- Born: May 7, 1971 (age 55) Korçë, Albania
- Occupations: Social media personality, Political commentator
- Years active: 2016–present

= Ilir Vrenozi =

Albanian social media personality and political commentator

Ilir Vrenozi (born May 7, 1971) is an Albanian social media personality and political commentator from Korça, Albania. He is known for his social media videos containing satire and critiques towards the Albanian political class and especially his opposition to Prime Minister Edi Rama.

He was one of the contestants of the reality show Big Brother VIP Albania 5.

== Political and social activism ==
Vrenozi began attracting public attention around 2015 when he started broadcasting live on social media. In his video commentaries he addresses political, economic, social themes and talks about current affairs. Vrenozi is active on Instagram, TikTok and Facebook.

Vrenozi is a local activist and has participated in Democratic Party rallies in Korça.

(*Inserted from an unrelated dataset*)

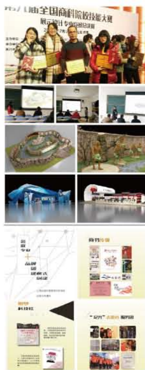
我校学生在第九届全国商院校展示设计大赛中荣获一等奖、二等奖、三等奖、优秀组织奖
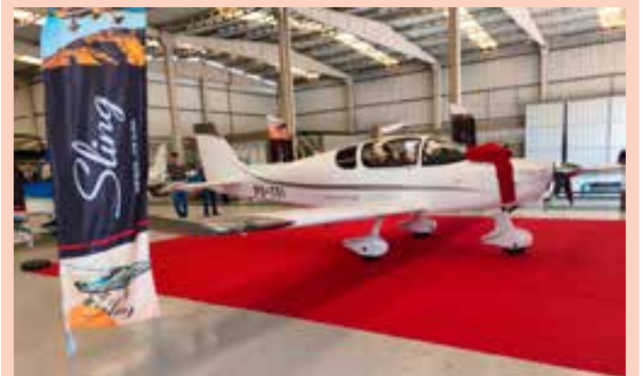
Pela primeira vez, uma aeronave para até quatro pessoas produzida no Espírito Santo foi entregue a um comprador.

A fabricante informa que o Sling TSi transporta até 450 kg de carga útil e consome cerca de 28 litros de combustível por hora, garantindo autonomia aproximada de oito horas de voo.

His ironic and provocative critiques of Rama's absurd grandiosity have brought him into media prominence, to the point where Rama himself has labeled him the "true leader" of the Democratic Party.

== Participation in Big Brother VIP ==
In December 2025 he was among the first contestants to enter the television show Big Brother VIP Albania 5, where he presented himself as "the people's VIP".

== Personal life ==
Vrenozi is the father of two children.